# RECORDS FOR THIS EXERCISE:
◆ ◆ ◆ ◆ ◆ ◆ ◆

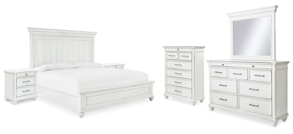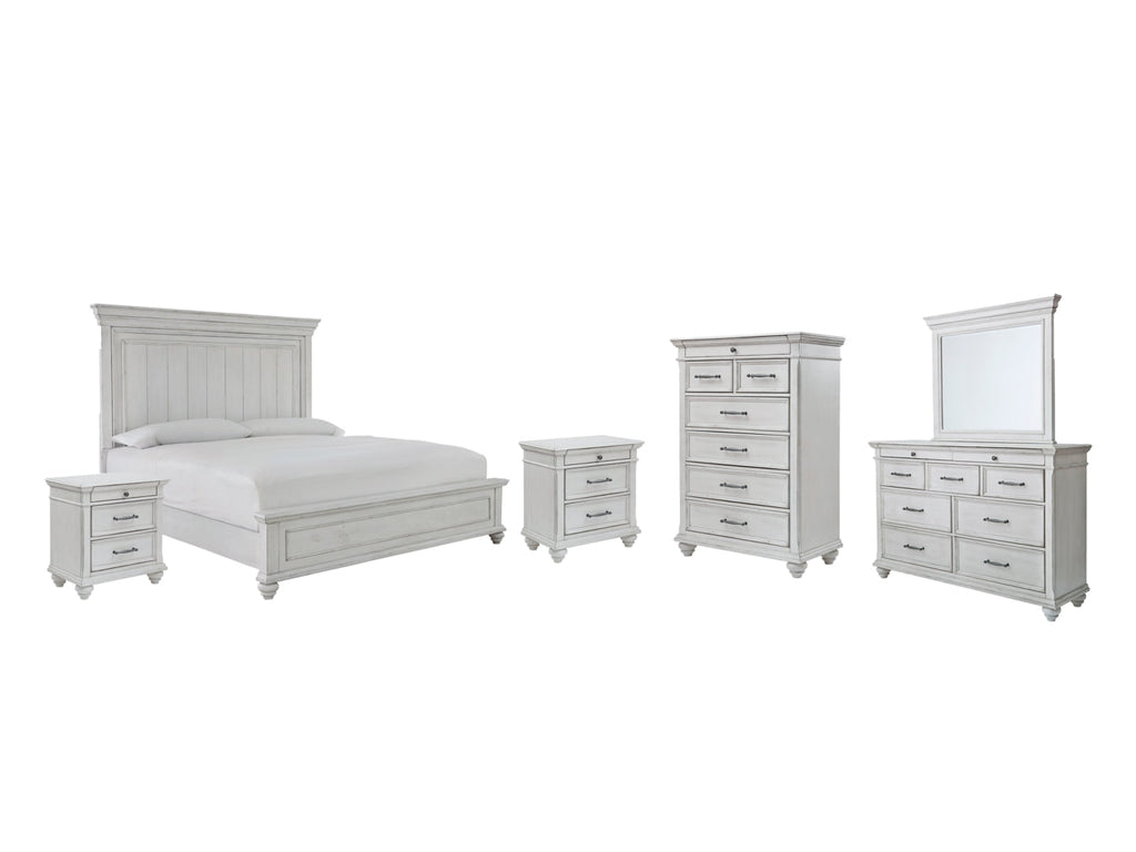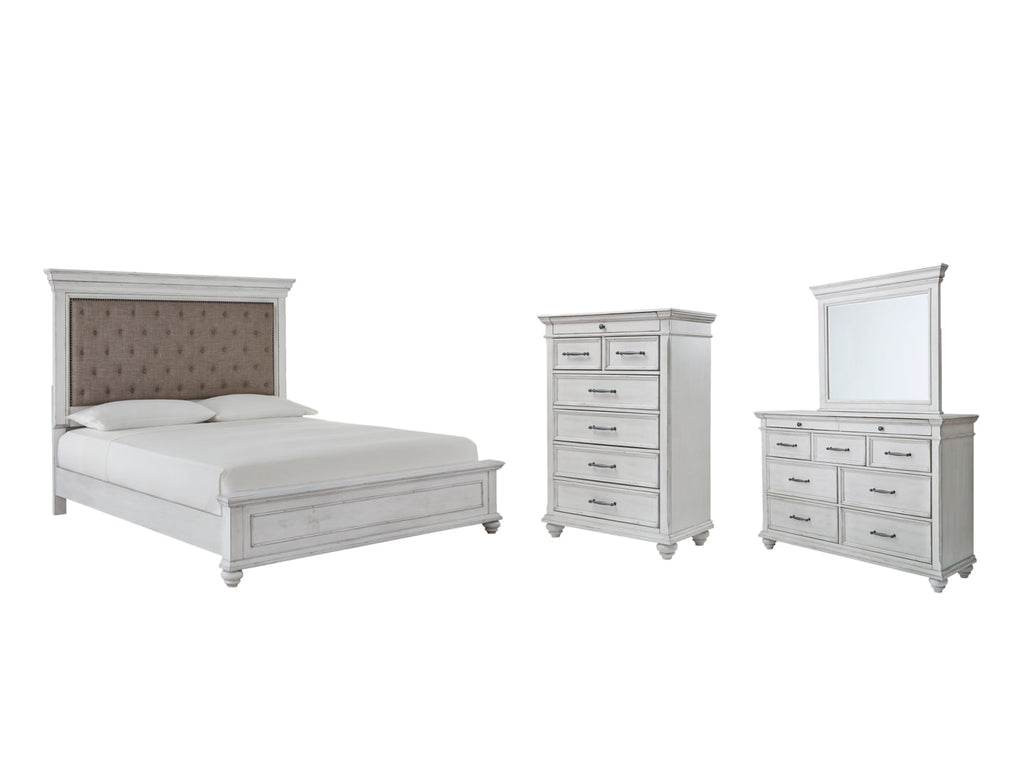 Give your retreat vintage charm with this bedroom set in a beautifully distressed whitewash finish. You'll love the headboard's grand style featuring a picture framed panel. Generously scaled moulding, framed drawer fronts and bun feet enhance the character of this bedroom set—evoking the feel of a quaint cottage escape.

◆ ◆ ◆ ◆ ◆ ◆ ◆

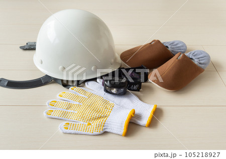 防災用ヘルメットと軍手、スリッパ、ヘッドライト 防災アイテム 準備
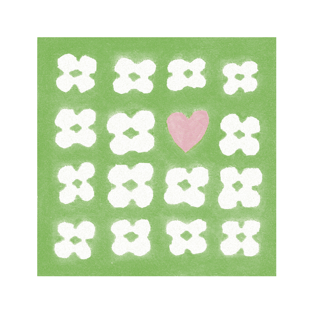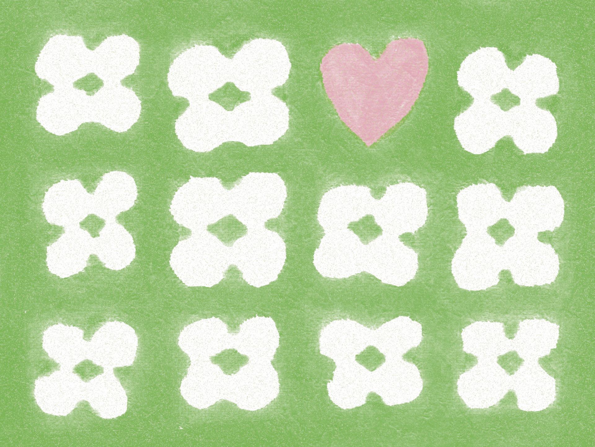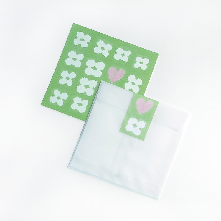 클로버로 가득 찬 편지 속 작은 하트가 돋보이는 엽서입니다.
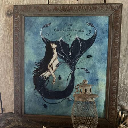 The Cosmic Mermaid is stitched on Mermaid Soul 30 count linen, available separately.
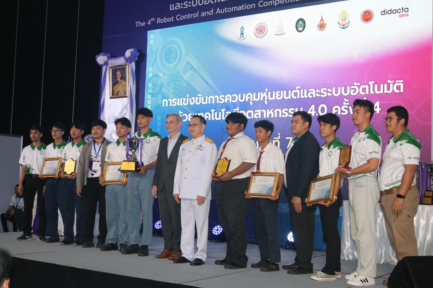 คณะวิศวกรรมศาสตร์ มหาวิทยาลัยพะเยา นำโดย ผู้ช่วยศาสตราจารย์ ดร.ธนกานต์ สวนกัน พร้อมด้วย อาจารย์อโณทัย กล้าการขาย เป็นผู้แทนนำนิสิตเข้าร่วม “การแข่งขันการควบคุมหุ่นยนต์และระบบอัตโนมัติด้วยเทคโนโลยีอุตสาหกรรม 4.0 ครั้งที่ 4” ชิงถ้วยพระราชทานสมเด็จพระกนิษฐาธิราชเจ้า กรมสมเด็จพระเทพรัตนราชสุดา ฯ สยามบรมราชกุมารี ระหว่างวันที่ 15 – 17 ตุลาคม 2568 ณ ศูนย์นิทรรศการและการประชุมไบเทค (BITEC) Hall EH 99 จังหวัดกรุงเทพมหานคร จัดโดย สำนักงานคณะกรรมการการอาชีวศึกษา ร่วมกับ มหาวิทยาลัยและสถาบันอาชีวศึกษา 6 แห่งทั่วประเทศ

◆ ◆ ◆ ◆ ◆ ◆ ◆

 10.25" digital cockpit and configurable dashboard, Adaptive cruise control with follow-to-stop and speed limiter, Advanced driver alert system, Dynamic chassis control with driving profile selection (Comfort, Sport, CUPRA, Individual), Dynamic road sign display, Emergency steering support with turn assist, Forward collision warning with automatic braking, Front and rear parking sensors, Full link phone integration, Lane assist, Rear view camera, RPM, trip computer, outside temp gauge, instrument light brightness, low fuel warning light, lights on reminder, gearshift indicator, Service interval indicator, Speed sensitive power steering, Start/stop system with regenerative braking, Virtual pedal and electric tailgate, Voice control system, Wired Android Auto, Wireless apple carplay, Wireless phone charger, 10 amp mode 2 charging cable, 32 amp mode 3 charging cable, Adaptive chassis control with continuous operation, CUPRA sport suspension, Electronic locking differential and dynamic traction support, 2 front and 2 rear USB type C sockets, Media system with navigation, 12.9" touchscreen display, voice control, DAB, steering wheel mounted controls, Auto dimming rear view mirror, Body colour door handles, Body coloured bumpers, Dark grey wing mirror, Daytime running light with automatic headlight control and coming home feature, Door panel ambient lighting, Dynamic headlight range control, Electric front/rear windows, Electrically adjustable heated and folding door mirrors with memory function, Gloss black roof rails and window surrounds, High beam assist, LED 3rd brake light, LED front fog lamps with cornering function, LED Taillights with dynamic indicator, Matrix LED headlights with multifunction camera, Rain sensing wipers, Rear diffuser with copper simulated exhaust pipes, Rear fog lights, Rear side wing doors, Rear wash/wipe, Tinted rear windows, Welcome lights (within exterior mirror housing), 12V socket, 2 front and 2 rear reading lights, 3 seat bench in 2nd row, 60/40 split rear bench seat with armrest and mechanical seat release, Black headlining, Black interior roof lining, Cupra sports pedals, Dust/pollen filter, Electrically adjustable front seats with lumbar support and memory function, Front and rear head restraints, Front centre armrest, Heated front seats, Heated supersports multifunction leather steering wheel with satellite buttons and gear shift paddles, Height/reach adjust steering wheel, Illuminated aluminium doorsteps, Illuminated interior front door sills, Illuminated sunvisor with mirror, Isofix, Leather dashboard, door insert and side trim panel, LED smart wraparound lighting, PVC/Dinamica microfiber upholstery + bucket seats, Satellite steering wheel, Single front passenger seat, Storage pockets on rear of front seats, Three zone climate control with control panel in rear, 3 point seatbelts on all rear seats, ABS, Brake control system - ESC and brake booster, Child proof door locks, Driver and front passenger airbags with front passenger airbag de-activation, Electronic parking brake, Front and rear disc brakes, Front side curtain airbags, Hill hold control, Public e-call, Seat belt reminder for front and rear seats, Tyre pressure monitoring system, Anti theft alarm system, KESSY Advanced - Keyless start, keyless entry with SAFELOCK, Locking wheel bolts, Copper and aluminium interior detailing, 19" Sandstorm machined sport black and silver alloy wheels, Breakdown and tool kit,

◆ ◆ ◆ ◆ ◆ ◆ ◆

# WHAT THE TASK REQUIRES:
Using the data above, return the lines from the one holding "防災用ヘルメットと軍手、スリッパ、ヘッドライト 防災アイテム 準備" through the one holding "The Cosmic Mermaid" exactly, but not the pictures.

# ANSWER BELOW:
 防災用ヘルメットと軍手、スリッパ、ヘッドライト 防災アイテム 準備
 클로버로 가득 찬 편지 속 작은 하트가 돋보이는 엽서입니다.
 The Cosmic Mermaid is stitched on Mermaid Soul 30 count linen, available separately.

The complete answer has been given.